Дозиметрия ионизирующего излучения в радиационной химии, страница 8

е^-_aq+ Н⁺→ Н^*         (1)                                        О₂ + Н^*→ НО₂^* (2)

кроме этого, в рассматриваемых растворах, е^-_aqмогут реагировать с перекисью водорода и с карбонильными соединениями, являющимися продуктами радиолиза спиртов.

Радикалы НО₂^* и О₂^—практические нереакционноспособны по отношению к спиртам.

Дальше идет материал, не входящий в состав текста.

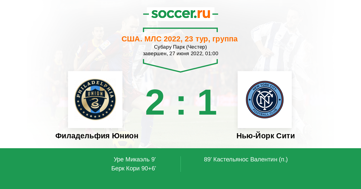 В этом матче встречаются команды которые расположены в верхней части турнирной таблицы. "Нью-Йорк Сити" всего на одно очко сейчас опережает "Филадельфию", но сегодня придётся играть на выезде, что уравнивает шансы. Коллектив из Нью-Йорка не очень удачно проводит гостевые поединки. Поэтому возможно что "Филадельфия" будет владеть преимуществом. Победить может и не получиться, но скорее всего они у себя дома не проиграют. Удачи

Радикалы  ОН^* и О^—   отрывают от них атом водорода, преимущественно от связи С-Н в α-положении к спиртотовой группе. При  этом образуются α-гидроксиалкильные СР. Не вдаваясь в подробности, их свойства сводятся к следующему: λ_макс≤ 250 нм,   ε = 10² – 10³ л/моль.см; 2К = 10⁷- 10⁹ л/моль.с;

РКа = 10 – 12.

Кроме α-гидроксиалкильных СР, при взаимодействии ОН^* и Н^*со спиртовой молекулой образуются также спиртовые СР с другой локализацией неспаренного электрона, в частности, в небольших количествах возникают алкоксильные СР - ROª, однако последние быстро переходят либо в α-гидроксиалкильных СР, отрывая атом водрода от соседней неповрежденной молекулы спирта

R-СН₂О^* + R-СН₂ОН  → R-СН₂ОН + R-С^*НОН , либо претерпевая внутрирадикальную деструкцию :

R-СН₂О^* → R^* + СН₃ОН

В результате протекания реакций между этими реакционными частицами образуются диолы и карбонильные соединения. Соотношения их РХВ существенно зависит от природы реагентов и условий проведения эксперимента.

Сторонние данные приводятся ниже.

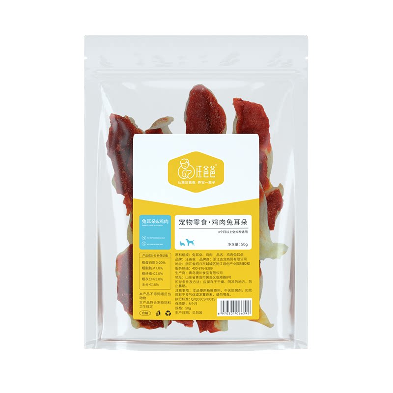 天猫汪爸爸狗狗零食鸡肉兔耳朵风干肉干宠物训练奖励大中小型犬磨牙棒

В случае образования метильного СР – преобладает процесс димеризации., для разветвленных спиртов – процесс диспропорционирования.

В присутствии кислорода с большей скоростью образуются перекисные радикалы:

R-С^*НОН + О₂ → R-ОНСНОО^*, склонные к элиминированию гидроперекисного СР НО₂^*, приводящей к образованию карбонильных производных R-НСО.

Кроме того, перекисные радикалы являются источником образования алкил-перекисных, гидроперекисных соединений, а радикалы НО₂^* - перекиси водорода.

Радиационная полимеризация (РП)

-  это образование ВМС (трех- и более звенных молекул) под действием ИИ.

При этом роль ИИ заключается в инициировании цепных реакций.

Преимущества по сравнению с вещественными способами полимеризации (когда инициирование производят путем введения в мономер посторонних веществ) или с термической (инициируют полимеризацию путем нагревания мономера) сводятся к следующему:

1.  Появляется возможность полимеризовать мономеры, которые не полимеризуются другими способами.

2.  Получаются полимеры высокой степени чистоты

3.  Возможность проведения процесса в твердой фазе

4.  Реализация РП при обычных и пониженных температурах

5.  Облегчается контроль за процессом, поскольку скорость инициирования является функцией мощности дозы и, следовательно её легко поддерживать стабильной. При каталитической полимеризации инициирующее вещество расходуется и скорость инициирования уменьшается во времени. При нагревании мономеров также наблюдается неравномерность.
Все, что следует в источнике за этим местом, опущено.